Abstract
Single cell RNA-seq (scRNA-seq) measurements of gene expression enable an unprecedented high-resolution view into cellular state. However, current methods often result in two or more cells that share the same cell-identifying barcode; these “doublets” violate the fundamental premise of single cell technology and can lead to incorrect inferences. Here, we describe Solo, a semi-supervised deep learning approach that identifies doublets with greater accuracy than existing methods. Solo can be applied in combination with experimental doublet detection methods to further purify scRNA-seq data to true single cells beyond any previous approach.
1 Main
Recent advances have enabled transcriptomic and epigenetic profiling at single cell resolution [1]. Single cell genomics can be used to describe the various cell types in a sample, detect changes in cell type composition and gene expression between samples, and track cell lineages and state changes in development and aging [2, 3, 4, 5, 6]. Recent experimental methods that leverage microfluidic droplets or microwells to isolate individual cells have increased the throughput of single cell genomics experiments by an order of magnitude [7, 8, 9]. These protocols isolate single cells by encapsulating them in droplets that contain identifying barcodes. Droplets collect cells according to the Poisson distribution; thus, they encapsulate multiple cells at a rate dependent on the concentration of loaded cells [10, 11]. Instances of multiple cells to a single barcode, referred to as doublets (or multiplets), can depict nonexistent transcriptional profiles that impair and mislead biological inferences from downstream analyses such as low dimensional visualization, clustering, and differential expression (Fig. 1a) [12, 13]. Doublets can be minimized by loading cells at low concentrations, but this greatly increases the cost per cell (Supplementary Fig. 1).

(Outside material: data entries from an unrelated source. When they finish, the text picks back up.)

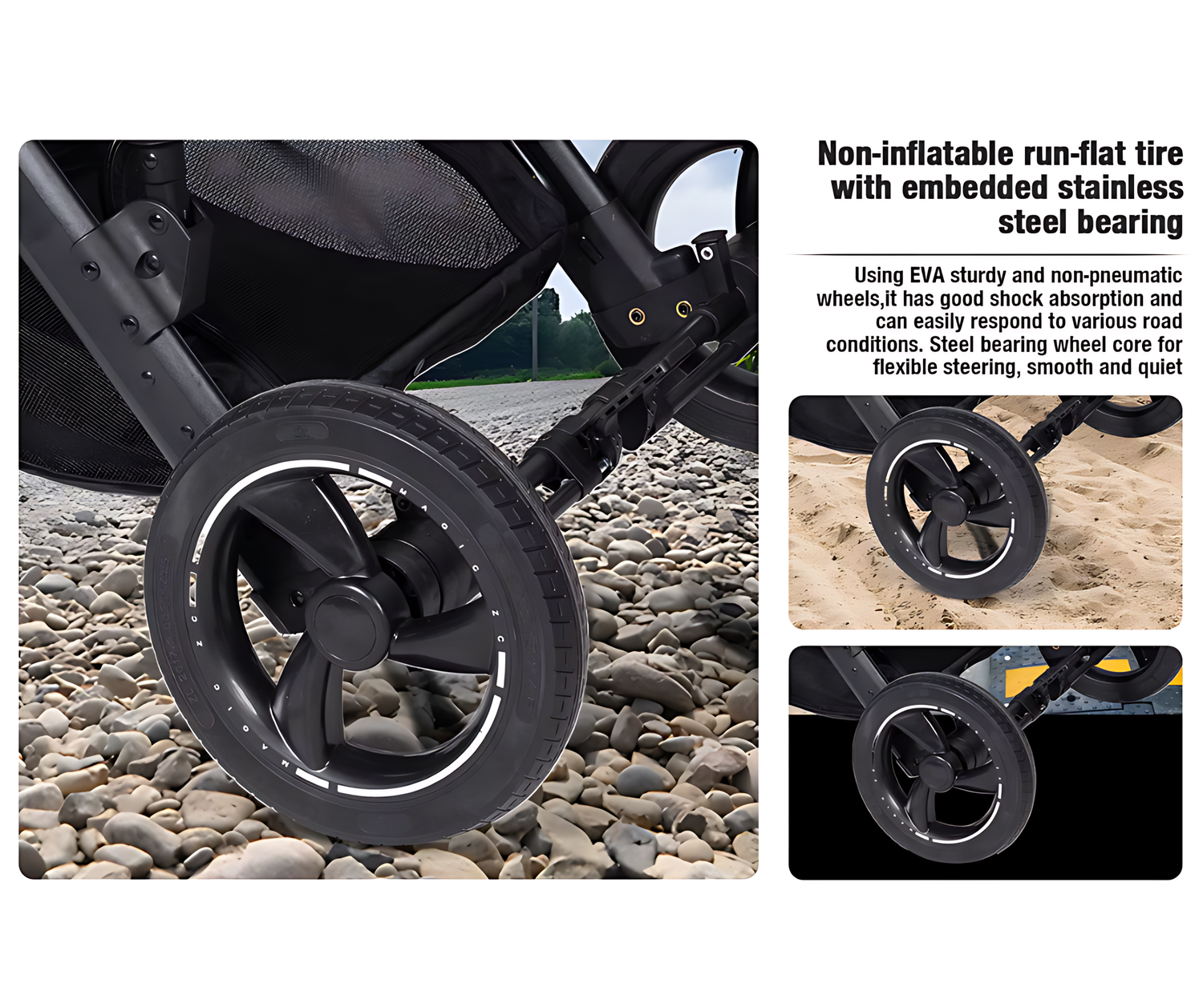 Puhkeamattomat, umpikumiset renkaat, joissa sisäänrakennetut teräslaakerit. Kestävä EVA-materiaali takaa tasaisen, hiljaisen ajon ja joustavan ohjauksen.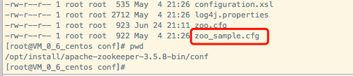 进入zookeeper目录下的conf文件夹,然后拷贝配置文件重命名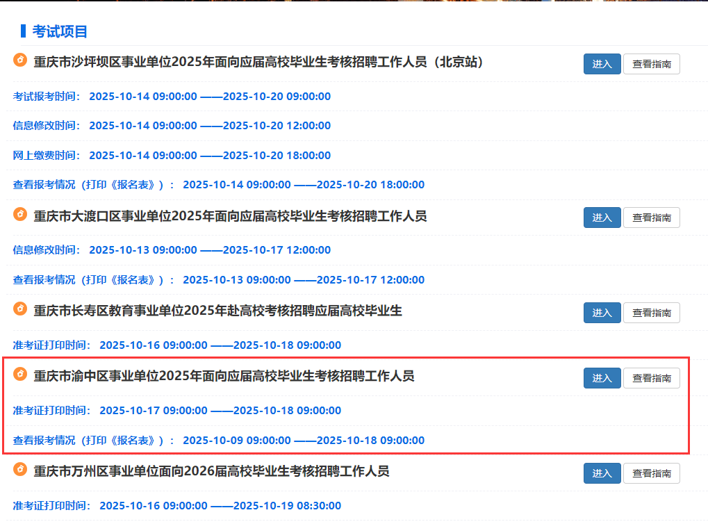 请网上报名通过的考生,于2025年10月17日9:00-10月18日9:00,登录重庆市人力资源和社会保障局官网(rlsbj.cq.gov.cn)“热点服务”—“人事考试网上报名”—“区县委托、社会化服务考试入口”—“重庆市渝中区事业单位2025年面向应届高校毕业生考核招聘工作人员”,打印准考证(使用A4纸打印,保证字迹、照片清晰)。请各位考生及时打印准考证,以免影响参加考试考核。
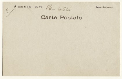 This vintage real photo postcard features a portrait of a pretty performer named Debry. She was photographed by a famous photographer with the last name of Nadar. The question exists whether the photographer is Paul Nadar (1856-1939) or Gaspard-Felix Tournacon (AKA Nadar) (1820-1910). This postcard dates back to circa 1904, and by that time the elder Nadar was 84 years old and not active in studio photography. Therefore the photographer was the younger Nadar. Paul was the son of Gaspard-Felix. Both were famous in the field of photography but their talent stretched to other disciplines. Paul’s talent extended to art, printing, and writing. In 1874, Paul managed his father’s Paris studio. In around 1885 their relationship fractured. However the following year, the two collaborated on what is thought to be the first photo-interview in history. The subject of the interview was a prominent 101 year-old chemist and color theorist. That same year, Paul began photographing from a hot-air balloon. Paul liked experimenting and this led to him studying artificial lighting and developing a patented projection system for animating still pictures. Kodak named him their agent in France in 1893…. Gaspard Felix (G.F.), in addition to being a photographer, was a caricaturist, journalist, novelist, balloonist and advocate of manned flight. Portraits by G.F. can be found in a number of national museum collections. He opened his photography studio in Paris in 1854. He was a celebrity photographer (Actors, Politicians, Writers, Painters, and Musicians). He attracted many famous sitters because he was considered the best photographer in France. He was no fan of studio props. He preferred natural daylight. F.G. was most interested in focusing his photography on his subject’s face.He wanted the subjects to wear dark clothing for their portraits and often hid their hands from the camera. Although, he photographed many women, he preferred to photograph men. He believed that women believe “the images are too true to nature to please” them; even the most beautiful of the women. He once wrote that the most vain portrait sitters were actors and the second vainest group was soldiers. Ballooning was another area of F.G’s interest. He was involved with writer Jules Verne in an organization supporting the development of “air machines”. In the 1850’s G.F. was experimenting taking aerial photographs. During the siege of Paris in 1870, Nadar was a principal in organizing balloon flights to do reconnaissance and carry the mail, creating the first airmail service. This postcard portrait was part of a series (no.769). (SOLD)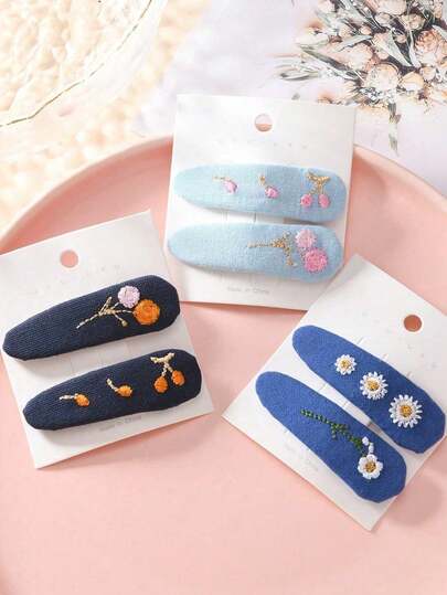 Set de 2 pinzas para el cabello de mujer con bordado floral y cereza en tela azul, accesorios de cabello minimalistas, versátiles y lindos - Multicolor - Añade 6
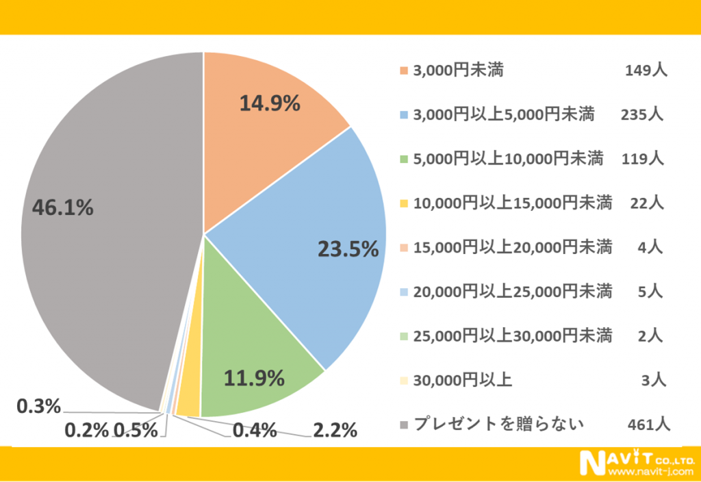 母の日に贈るプレゼントの予算については、「3,000円以上5,000円未満」が23.5%、「3,000円未満」が14.9%、「5,000円以上10,000円未満」が11.9%と続きました。
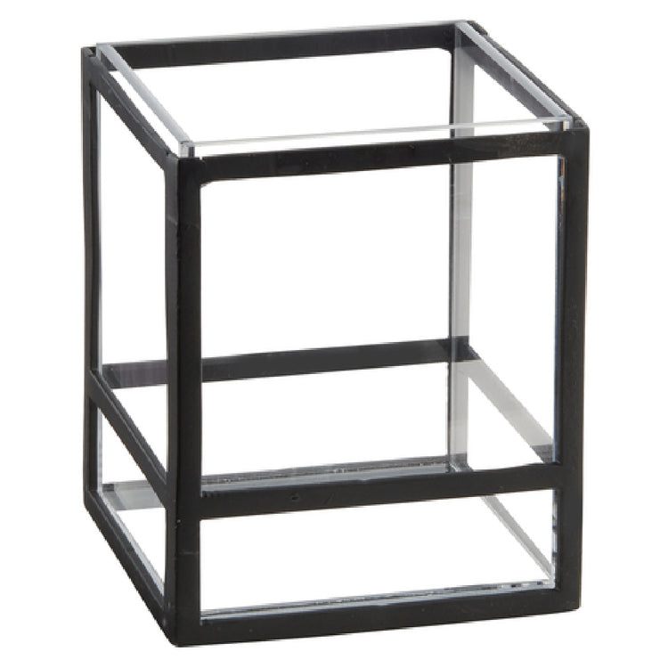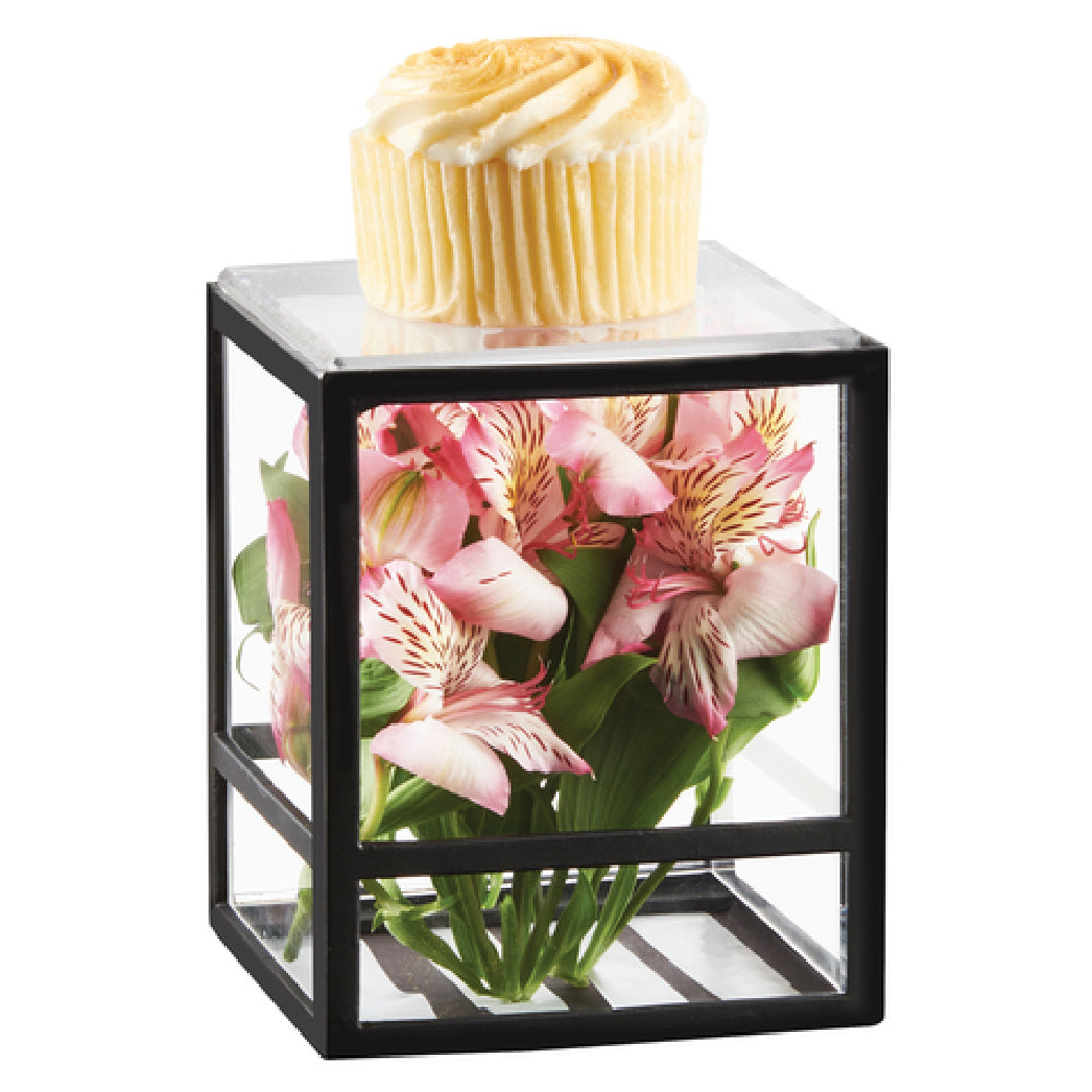 The Cal Mil 22076-13 Presentation Display is a versatile and compact solution for enhancing any countertop setup. With dimensions of 5 inches in width, 5 inches in depth, and 6 inches in height, this square display is designed to suit a variety of presentation needs. Its unique reversible design allows it to function both as a riser and a box, providing flexibility for different display configurations. Constructed from durable plastic and steel, the display ensures longevity and reliable performance in various environments. Its sleek black finish adds a modern touch, blending seamlessly with any decor. This non-refrigerated display is ideal for showcasing items that do not require temperature control, making it suitable for a range of applications across different segments of the food service industry. Whether used in a bakery, café, or retail setting, the Cal Mil 22076-13 Presentation Display combines functionality with style, making it an essential addition for businesses seeking to optimize their presentation capabilities with a compact and efficient tool.
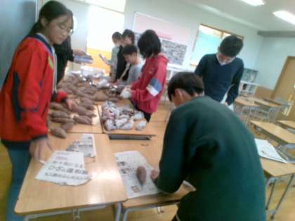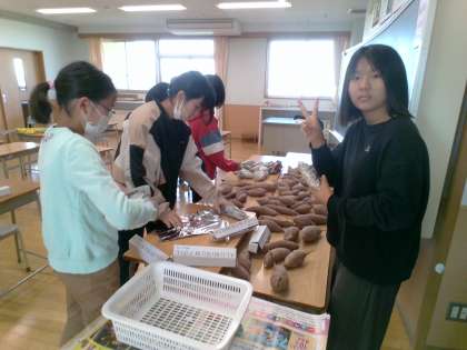 焼き芋をするために、新聞紙やアルミホイルで巻きました。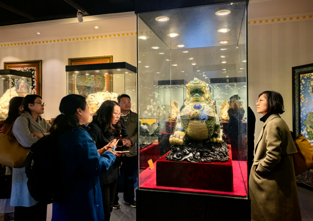 大连金阿山艺术馆是省级非物质文化遗产“大连贝雕”的核心传承展示基地,馆内汇集了大量贝雕艺术精品,系统展示了大连贝雕的传承历史、精湛技艺与文化内涵。在馆内,省级非遗传承人金吉带领全体党员参观展厅,并对《九龙壁》《龙凤呈祥》《麒麟》等镇馆之宝进行了生动讲解,从创作背景、文化寓意到工艺细节,娓娓道来,令师生党员深刻感受到非遗艺术背后深厚的文化积淀。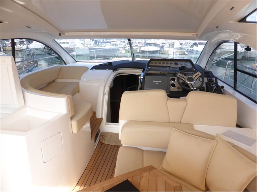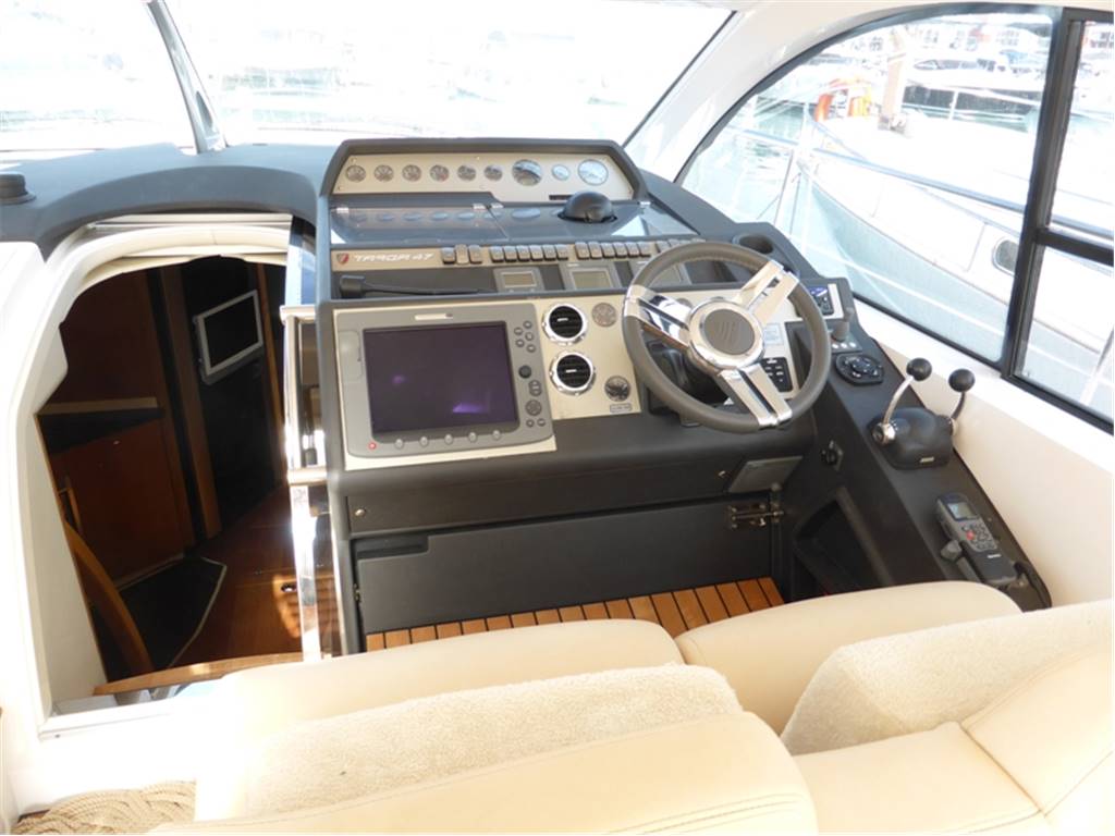 Notas internasFairline Targa 47 features excellent internal accommodation which has been designed for accommodation four guests in two cabins featuring private en suites. The Master Stateroom is luxurious and opulently appointed. Positioned forward with considerable natural light from the twin portholes and deck hatch, it is a bright and airy cabin with luxurious appointments including a full-height hanging locker, and under bed stowage. A full-size en suite with separate shower adjoins the cabin. The twin cabin is amidships with ample stowage that also includes a hanging wardrobe. Ingeniously, the twin berths slide together to create a double when required. Generous opening portholes provide natural daylight and the accommodation is completed by a private en suite with full size separate shower. The main saloon has comfortable seating for six and a state of the art entertainment console including LCD television, radio, and CD changer. Both this and the comprehensively equipped galley with hob, microwave, full size fridge/freezer, extractor fan and cherry floor are accessed directly from the cockpit. The cockpit and helm position is focused on al fresco entertaining; the new Targa 47 will feature the most generous cockpit layout to date. The cockpit area is perfect for al fresco dining with wrap-around seating for six to eight, featuring a sink with hot and cold water, refrigerator, insulated coolbox and where requested an electric griddle. A transom gate leads to the integral teak-laid bathing platform with shower and concealed bathing platform ladder. Access is given to the tender garage capable of accommodating a tender / dinghy. Side-decks with handrails afford easy access to the foredeck, where deep and plush reticulated-foam coachroof sun cushions provide for perfect relaxation. Notas de la instrumentaciónIn the original development brief and plans for the award-winning Targa 47 we declared our intention of creating a model to ?Redefine the Art of Express Cruising?. That this has been achieved so successfully is due in large part to the many advances unveiled at the earlier launch of our flagship model, the widely acclaimed Targa 62. Her leading-edge innovations and powerfully dramatic styling led the way and the all-new Targa 47 inherits the key elements of her elegant design philosophy, including the signature feature of all our GRAN TURISMO models, the powered retractable hardtop. The story continues with an incredibly spacious cockpit, a large stern bathing platform and an integrated garage for tenders and water toys ... not to mention the magnificent saloon, galley and two large cabins, each with its own en suite.12v heavy duty weatherproof socket Access via transom deck to port and starboard side decks Aft cockpit hood with clear panels and zipped doorway Bathing platform lights Boat hook Central dining area Cockpit bar with refrigerator, sink, hot and cold water, insulated coolbox Companion seating to helm Drinks holders Engine bay access hatch with stainless steel pneumatic support struts, independent of the tender garage Fender stowage Glove locker Life raft stowage Mooring warps Manual bilge pump(s) Retractable powered hard top 'Reticulated' non-absorbent foam cushions for aft sundeck Stainless steel handrails Stowage lockers under cockpit seats Teak-laid floor throughout self-draining cockpit Warning light and audible alarm during garage door operation Warp lockers Main Saloon CD/Radio with 2 speakers in saloon and 2 waterproof speakers in cockpit Aerial and connections for television Bar unit Control panel for 12v/24v/240v domestic electrical circuits Cocktail table converts to dining table Deck hatch with flyscreen and blind First aid kit Full-height standing headroom Halogen ceiling lights Handrail LCD TV Lockers (overhead) Sliding door to cockpit with integral blind system Sofa Stainless steel opening porthole(s) with flyscreen Stowage locker under floor Crockery stowage Electric ceramic/halogen hob Extractor fan Fire extinguisher Foundations® or Avonite® work surface with covers Halogen ceiling lights Integrated waste bin Lacquered cupboard doors Lockers (overhead) Microwave oven Refrigerator (172L)/freezer (46L) with double door Random teak floor Sink/drainer with hot and cold mixer tap Stainless steel opening porthole(s) with flyscreen Work surface lights Work Surface Options Notas de armamentoAnchor chain lockerAnchor winch (electric) Anchor winch controls Calibrated anchor chain Concealed telescopic swim ladder to bathing platform Ensign and staff Fender set Full set of IMCO navigation lights Garage with winch system for concealed stowage of optional Jet RIB or PWC beneath aft sundeck Hot and cold water transom shower Moulded non-slip deck surface Rubbing strake Recessed self-draining area on foredeck for coachroof sun cushions Remote control searchlight Riding light Self-stowing Delta® anchor Stainless steel bow fairlead(s) Stainless steel bow, spring and stern cleats Stainless steel handrails Stainless steel stemhead roller Teak-laid bathing platform Toughened glass curved windscreen Transom gate from cockpit to integral bathing platform Twin horns Water filler(s) Windscreen washers Windscreen wipers Aerodynamically designed engine air intakes Automatic bilge pumps for forward bilge, engine bay and rudder bay with manual 'on' override Automatic engine bay fire extinguisher system Balanced rudders Cathodic protection Dripless shaft seals Electric engine bay fan(s) Electric trim tabs with cathodic protection Engine bay lights Engine room soundproofing Exhaust overheat warning system High capacity emergency manual bilge pump system with dedicated valves Manganese bronze 'P' brackets Manganese bronze propellers contra-rotating Sea cocks on all inlets/outlets below waterline Stainless steel alloy shafts Water cooled engine exhausts with silencers and side outlets All gel coat and glass fibre hand laid with unidirectional, biaxial and woven rovings Bowthruster 8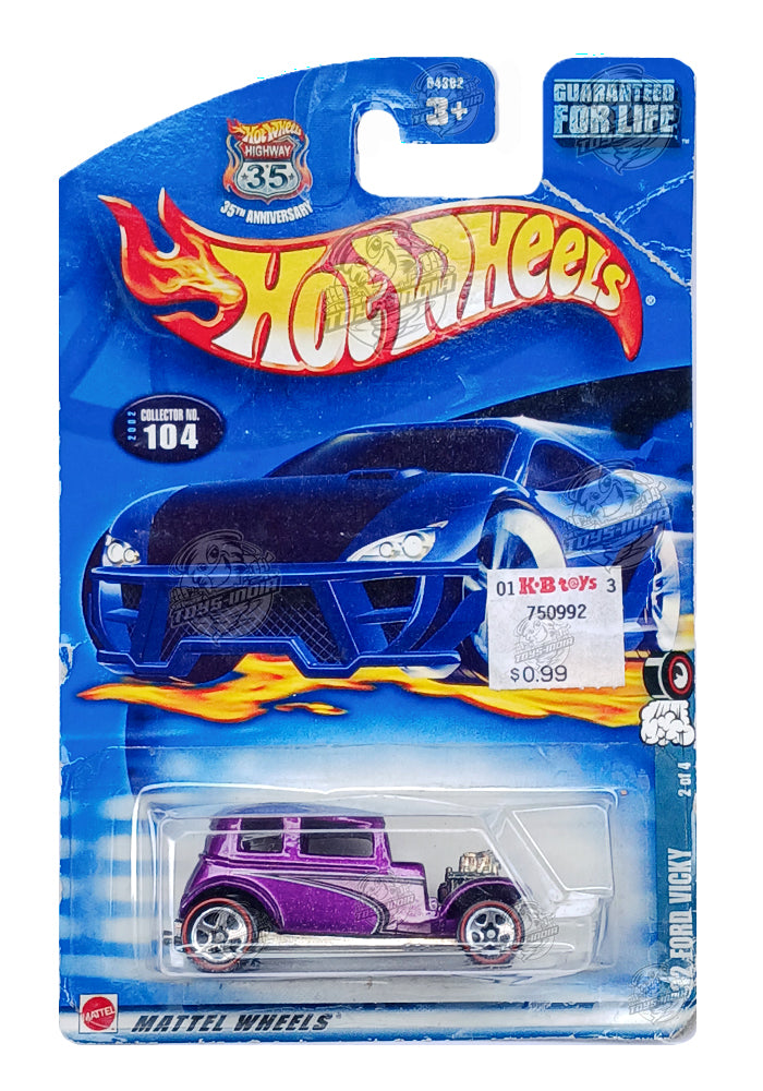 EXCLUSIVES Hot Wheels '32 Ford Vicky - Purple - 2002 Card (Creased Card / Car in Excellent Condition) (With Protector Case)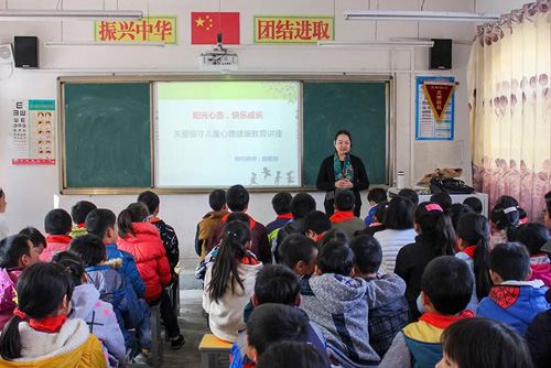 ▲关爱留守儿童心理健康教育讲座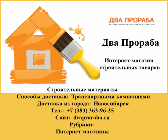 Группа товаров/услуг: Напольные покрытия, сантехника и мебель для ванной, двери, плитка, теплые полы, обои и потолки, сухие строительные смеси, лакокрасочные материалы, строительные материалы Способы доставки: Транспортными компаниями Доставка из города: Новосибирск Тел.: +7 (383) 363-96-25 Сайт: dvaproraba.ru Рубрики: Двери Интернет магазины товаров для строительства и ремонта Интернет магазины стройматериалов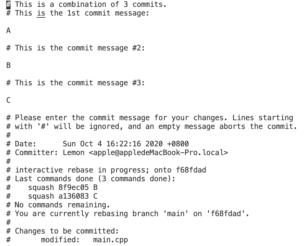 3.然后我们修改B与C,将pick改为S,意味与前一个commit合并,之后将会出现如下界面,在这个界面下可以修改注释信息: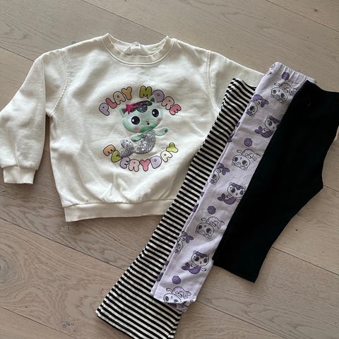 H&M og L.O.G.G. langermede topper for jente i størrelse 110-128. Pakken består av tre topper i ulike farger og mønstre, blant annet ensfargede og stripete varianter. Toppenes materiale er bomull, noe som gir et mykt og behagelig plagg til hverdagsbruk. Den stripete LOGG trøyen er i str 110-116 og de to andre i str 122-128. Passer til jente, men kan også brukes av gutter. Gensrene kan brukes alene eller som lag under andre plagg.

To identify doublets, several groups have proposed experimental protocols to divide cells into subsets and “hash” using an orthogonal information source. The information can come from membrane-bound barcodes [14, 10] or preexisting genetic variation between samples [15] (Supplementary Fig. 2). After sequencing, barcodes with evidence of more than one “hash” identify droplets that contained more than one cell. Although these techniques are effective, genetic variation is unavailable for many experiments and hashing requires additional materials and labor. Alternatively, multiple groups have described machine learning pipelines to classify doublets [12, 13, 16]. These approaches share the following structure: (i) simulate artificial doublets from the profiled cells (mixed singlets and doublets), (ii) train a classifier to identify simulated doublets, and (iii) apply it to the profiled cells to label and remove observed doublets.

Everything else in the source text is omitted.